Several studies have indicated that the expression of efflux membrane transporters such as Mrp2/3 and p-glycoprotein is increased after APAP intoxication [18
]. In general, APAP–glucuronide and APAP–GSH are mainly excreted into bile, while APAP–sulfate is mainly excreted into urine [51
]. These membrane proteins can remove toxic metabolites and oxidative products from the liver via the urine or bile. Uptake transporters of OATPs in the liver, such as Oatp1a1 and Oatp1b2, which mediate the uptake of numerous drugs and xenobiotics into cells, were reduced after APAP treatment [18
]. Roth et al. [52
] showed that the expression of Oatp1a1 is inhibited by EGCG. In this study, the protein expression of Mrp2 and Mrp3 was slightly increased and that of OATP1a1 was decreased after 12 h of APAP treatment. EGCG had no effect on Mrp2/3 and p-glycoprotein protein expressions in the liver; however, EGCG significantly reduced (−37.5%) OATP1a1 expression. These results suggest that EGCG may reduce the hepatic uptake of APAP and its metabolites from the circulation into the liver. On the other hand, in this study, EGCG supplementation also lowered fecal β-glucuronidase activity, which might diminish deconjugation of APAP–glucuronide and thus increase fecal APAP–glucuronide excretion. This observation is similar to the results of a previous study [53
]. Therefore, the reduced hepatic OATP1a1 protein expression and microbial β-glucuronidase activity due to EGCG may lead to lower reabsorption of APAP into the liver from the circulation and intestine, respectively. These actions may lower repeated CYP-mediated APAP bioactivation in the liver.
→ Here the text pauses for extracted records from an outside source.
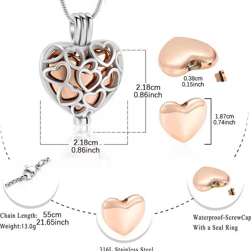 Cremazione Gioielli Ceneri Urna Collana, 304 acciaio inox, Cuore, placcato, gioielli di moda & cavo, nessuno, Venduto da PC
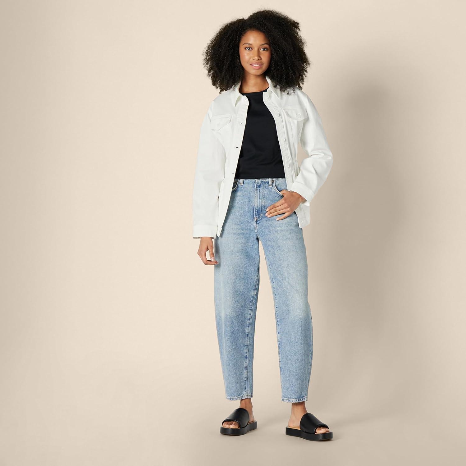 Amazon Essentials Women’s 100% Cotton Regular-Fit Long-Sleeve V-Neck T-Shirt(White)
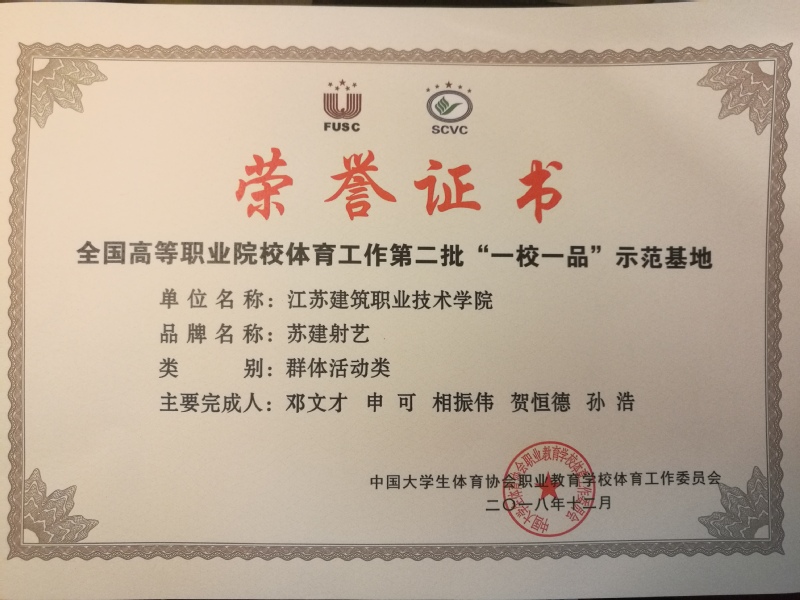 本次颁奖盛典,颁发了全国高等职业院校第二批“一校一品”示范基地、“优秀参赛公司”、“优秀承办公司”等多个奖项。公司体育教学部以“苏建射艺”为品牌,参与了“一校一品”的申报评选,通过初审、复评,并受邀在全国高职体育工作大会上作现场展示及交流,受到专家的一致好评,荣获全国高等职业院校第二批“一校一品”示范基地,yl6809永利经理邓文才教授上台领取了“一校一品”示范基地奖牌。
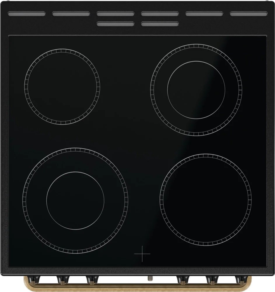 Электрическая плита Gorenje GECS6B70CLB элегантного черного цвета органично дополнит современную или классическую кухню. Она выполнена в ретро дизайне и станет не только функциональным прибором, но и настоящим украшением интерьера. Переключатели бронзового цвета подчеркивают общее оформление. Ручки эргономичные. Вы легко сможете отрегулировать нагрев. Варочная поверхность стеклокерамическая. Ее можно мыть мягкими чистящими средствами. Часы с аналоговым циферблатом помогут вам контролировать время готовки. Можно настроить таймер. Установите нужное время, сигнал напомнит вам о том, что прибор пора выключить. Общее количество конфорок — четыре. Две из них двухконтурные. Благодаря этому вы можете использовать посуду разного размера.
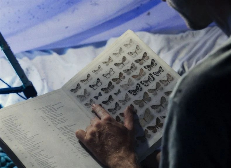 Le film se terne par une étrange chasse au papillon. Un drap blanc est étendu dans la forêt. Fortement éclairé, il attire les insectes de toutes sortes. Des objets d’étude à portée de main. Et l’observation d’un papillon rare, voire unique en Europe, est une grande satisfaction.
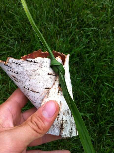 Lo primero que debes hacer es rodar la corteza en un cono y utilizar su cuchillo para empujar un agujero a través de la parte traslapada. (imagen 1)
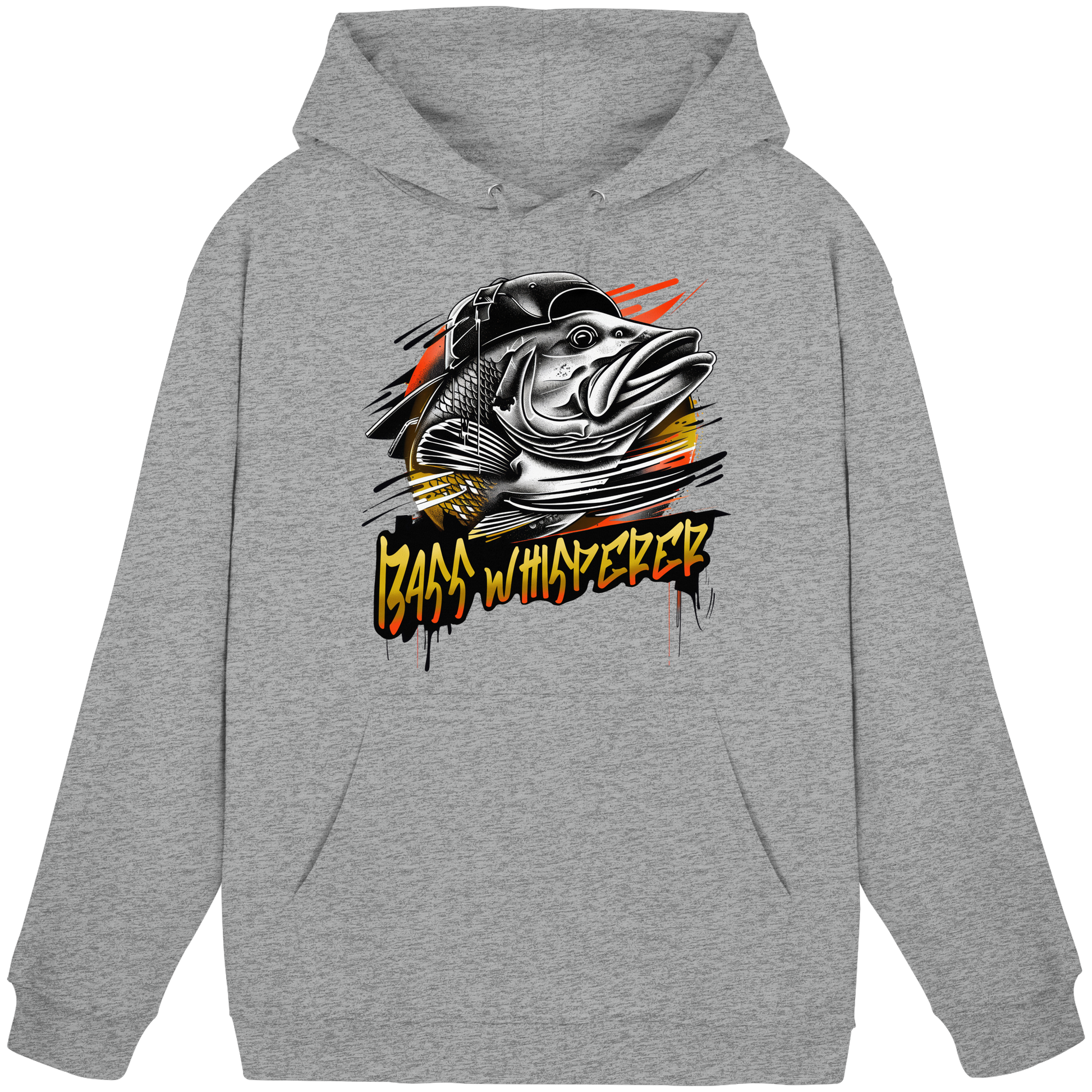 Der „Bass Whisperer“ Hoodie / Kapuzenpullover steht für feines Gespür, Erfahrung und tiefes Verständnis beim Angeln auf Barsch, Schwarzbarsch und Bass. Der Begriff Whisperer symbolisiert die Fähigkeit, den Raubfisch zu „lesen“, Gewässer zu verstehen und im richtigen Moment zuzuschlagen.
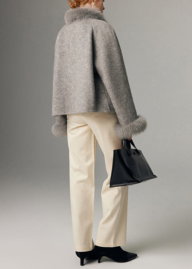 Plus Size Grey Oversized Patchwork Fox Fur Wool Cardigan Winter
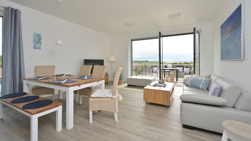 Die Ferienwohnung "Strandperle" ist eine exklusive Unterkunft im Strandhaus Juliusruh. Sie liegt direkt hinter der Düne des Ostseebades Breege/Juliusruh. Sie besitzt 2 Balkone. Durch die Lage im 2. Obergeschoss schauen Sie vom Ost-Balkon weit über den Sandstrand der Schaabe und die Ostsee. Der Südbalkon liegt geschützt. Dort lässt es sich auch bei etwas mehr Wind gemütlich in der Sonne relaxen. Die Wohnung ist hochwertig und ausgesprochen geschmackvoll und modern eingerichtet. In den Wohnbereich mit Couchecke, Sessel, Flatscreen-TV und Essbereich ist eine Küche integriert. Auch von hier aus erfreut Sie der einmalige Blick auf das Meer. Das Schlafzimmer verfügt über ein Doppelbett und grenzt an den Südbalkon.
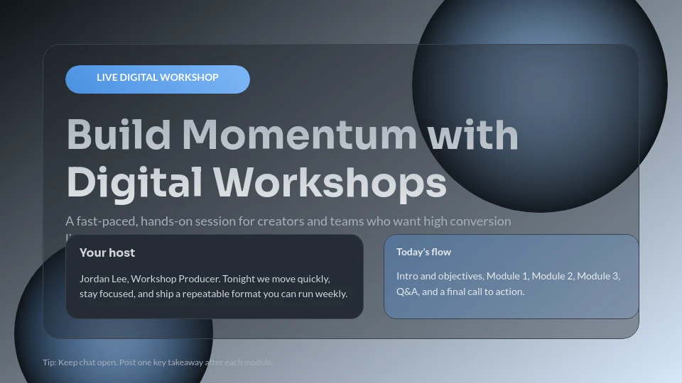 Webinar Sunum Şablonumuz, canlı çevrimiçi oturumlar için özel olarak tasarlanmıştır, Q&A bölümleri, anketler ve sorunsuz slayt geçişleri gibi etkileşimli unsurlar içerir, izleyiciyi meşgul tutar. Eğitmenler, pazarlamacılar ve işletme profesyonelleri için, sanal atölyeler, ürün tanıtımları veya eğitim oturumları düzenlemek amacıyla idealdir. Bu şablon, gündem, konuşmacı tanıtımları ve harekete geçirici mesajlar için net düzenler içerir, tasarım ve yapı üzerinde zaman kazandırır. Genel sunum şablonlarından farklı olarak, sanal etkileşime ve akıcı içerik akışına odaklanır, katılımcı bağlılığını ve etkileşimini en üst düzeye çıkarır.

In summary, the results of this study show that EGCG supplementation for four weeks reduced APAP-induced liver damage in rats. The mechanisms contributing to the detoxification of APAP by EGCG may include reduced CYP-mediated APAP bioactivation, oxidative stress, and apoptosis; and increased autophagy and lower accumulation of toxic products in the liver.